The last step before running the model is to specify the loss function, the optimizer and the metric.
For multiclassification problem the most widely used one is categorical cross entropy.
Besides the popular gradient descent optimizer (with its versions , stochastic gradient descent and mini batch gradient descent), there exist other ones such as adam , adadelta, mrsprop (the first one will be used for our case). In practice sometimes we finetune the hyperparameters by changing these optimizers.
For classification problems we have many metrics, the famous ones are: accuracy (used for our case), roc, area under roc, precision.
model %>% compile(loss= "categorical_crossentropy", optimizer="adam", metrics="accuracy")

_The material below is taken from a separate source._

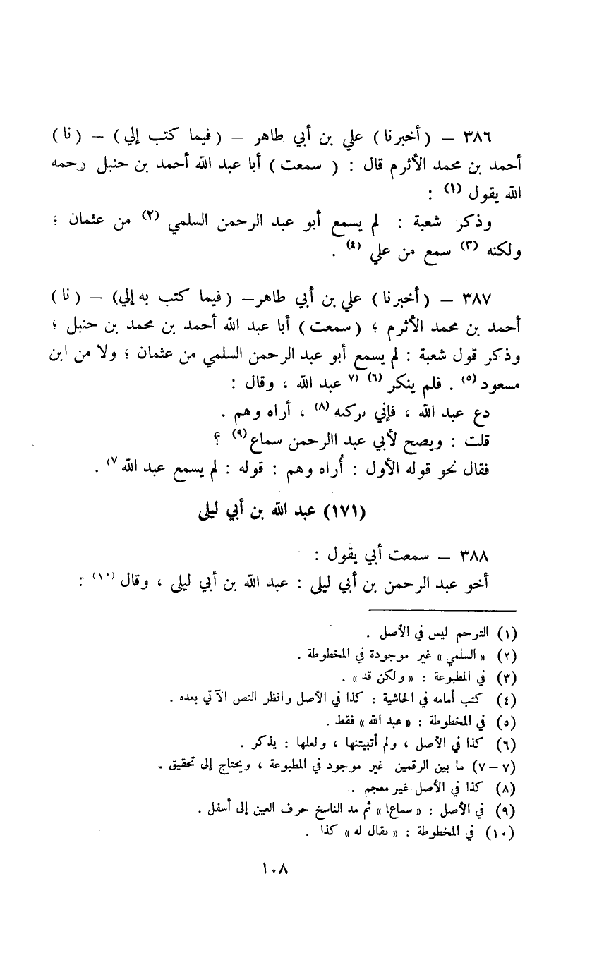 387 - أَخْبَرَنَا عَلِيُّ بْنُ أَبِي طَاهِرٍ فِيمَا كَتَبَ بِهِ إِلَيَّ نَا أَحْمَدُ بْنُ مُحَمَّدِ الْأَثْرَمُ سَمِعْتُ أَبَا عَبْدَ اللَّهِ أَحْمَدَ بْنَ مُحَمَّدِ بْنِ حَنْبَلٍ وَذَكَرَ قَوْلَ شُعْبَةَ لَمْ يَسْمَعْ أَبُو عَبْدِ الرَّحْمَنِ السَّلَمِيُّ مِنْ عُثْمَانَ وَلَا ِمْن ابْنِ مَسْعُودٍ فَلَمْ يَنْكُرْ عَبْدَ اللَّهِ وَقَالَ دَعْ عَبْدَ اللَّهِ فَإِنِّي تَرَكْتُهُ أَرَاهُ وَهَمٌ قُلْتُ وَيَصِحُّ لِأَبِي عَبْدِ الرَّحْمَنِ سَمَاعٌ فَقَالَ نَحْوَ قَوْلِهِ الْأَوْلِ أَرَاهُ وَهَمٌ قَوْلُهُ لَمْ يَسْمَعْ عَبْدُ اللَّهِ

At this stage everything is ready to train our model by calling the function fit. the epoch value is the number of iterations or the gradient descent steps, and the validation_split is the holdout samples used for assessment, here four images. I have run this model before and in oreder to avoide running it again i have commented the script by #, if you want to run it just uncomment the script.
#history <- model %>% #fit(trainall, trainy, epoch=50, validation_split=0.2)
unlike machine learning model in which we can set a seed to get the result reproducible, here each time we rerun the model we get different result. In practice, we intentionally rerun the model many times to improve the model performance, and ones we get the best one we save it as follows:
#save_model_hdf5(model, "modelcnn.h5")
And we can load it again as follows:
model <- load_model_hdf5("modelcnn.h5")
The history object has all the necessary information such as the metric values for each epoch , so we can extract this informatiton to create a plot as follows.
#train_loss <- history$metrics$loss #valid_loss <- history$metrics$val_loss #train_acc <- history$metrics$accuracy #valid_acc <- history$metrics$val_accuracy #epoch <- 1:50 #df <- tibble::tibble(epoch,train_loss,valid_loss,train_acc,valid_acc) library(ggplot2) #p1 <- ggplot(df,aes(x=epoch, train_loss))+ # geom_point(size=1, color="blue")+ # geom_point(aes(x=epoch, valid_loss), size=1, color="red")+ # ylab("Loss") #ggsave("plot_loss.jpg", p1, device = "jpeg", width = 20, height = 15, units = "cm")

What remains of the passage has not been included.